All true and yet he links 19th and 20th century horror like no other, he is the bridge between Edger Allen Poe and Stephen King, his imitators and devotees are many and famous and he has some of the best story titles in literature.
1931’s At The Mountains Of Madness being a perfect example.
A couple of interesting things about Lovecraft’s writing. He loves the first person. He wants you, the reader, to be in the narrator’s head, to know what he is thinking and more importantly seeing and feeling. Also Lovecraft hates dialogue, maybe he thought he was no good at writing it but the lack of it is an interesting and definite feature of his writing.
What he did love was science. He was a keen amateur astronomer and you can see the interest in the detailed descriptions of scientific and engineering procedures in this story. That cool descriptive style provides a valuable contrast to the fevered prose he uses as he ratchets up the dread when the unimaginable is encountered. The key word is dread. Lovecraft likes the slow and steady build from unease to discomfort and finally to dread.

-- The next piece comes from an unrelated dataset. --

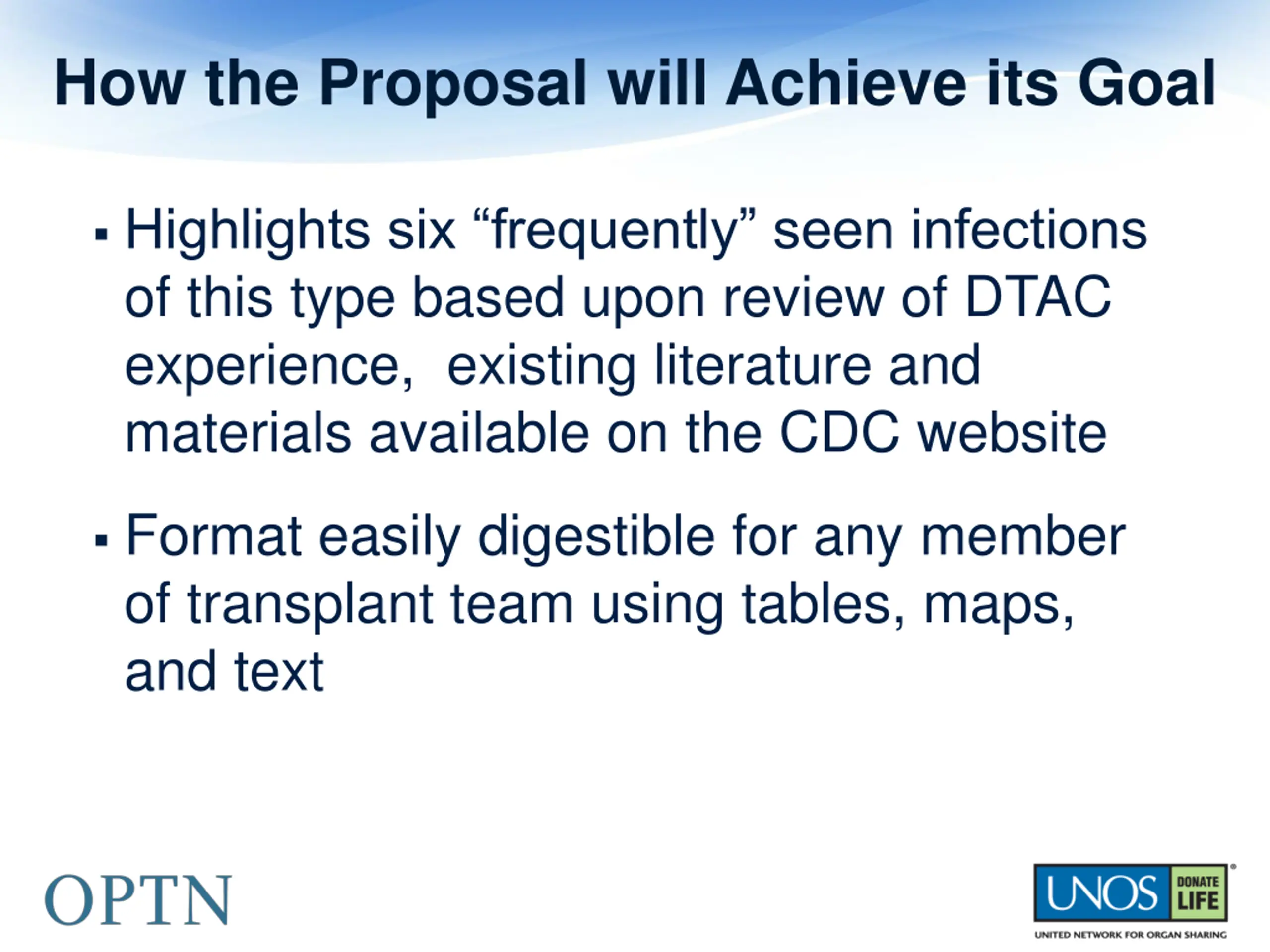 How the Proposal will Achieve its Goal Highlights six frequently seen infections of this type based upon review of DTAC experience, existing literature and materials available on the CDC website Format easily digestible for any member of transplant team using tables, maps, and text

Of course when he hits his stride and the plot is just right, the sheer force of his imagination and the conviction in the delivery is irresistible.
And in At The Mountains Of Madness he has the story just right.
The story tells of a disastrous, scientific expedition to Antarctica. The narrator, one of the two survivors, details a series of nightmare events in the hope of stopping a return expedition.
What happened to the expedition is prime Lovecraft. The discovery of a vast ancient city built by barely imaginable aliens from eons past, their rivalry with other cosmic visitors, hideous creatures still living deep under the earth, and brooding over it all, the hint of a neighbouring, larger, infinite horror beyond human comprehension.
His favourite themes are here. The complete insignificance of mankind in an uncaring and hostile universe, his love of science, his atheism, alleged dislike of the cold and his concerns around racial and cultural purity.
And Lovecraft’s unique prose style of course. Who else could, after listing his narrator’s protests that what he was seeing was indescribable then come up with a sentence like the following?
“We were on the track ahead as the nightmare plastic column of fetid black iridescence oozed tightly onward through its fifteen-foot sinus; gathering unholy speed and driving before it a spiral, rethickening cloud of pallid abyss-vapour.”
Of course there is plenty more of that stuff and after a while it starts to wrap you up like some kind of monster mucous. It becomes less silly, and like any writing in this genre when it is effective, you want to believe. The accompanying short story in the book I have, The Shadow Over Innsmouth explores in more detail Lovecraft’s beliefs regarding miscegenation and the importance of place, in this case the New England region of the USA, in horror writing. The short story is where Lovecraft is at his best. I think the word limit helps curb his worse writing instincts.
Still polarising, still influencing, H.P. Lovecraft and his dark creations remain fascinating and unsettling. Love or hate him, you won’t forget Lovecraft’s At The Mountains Of Madness.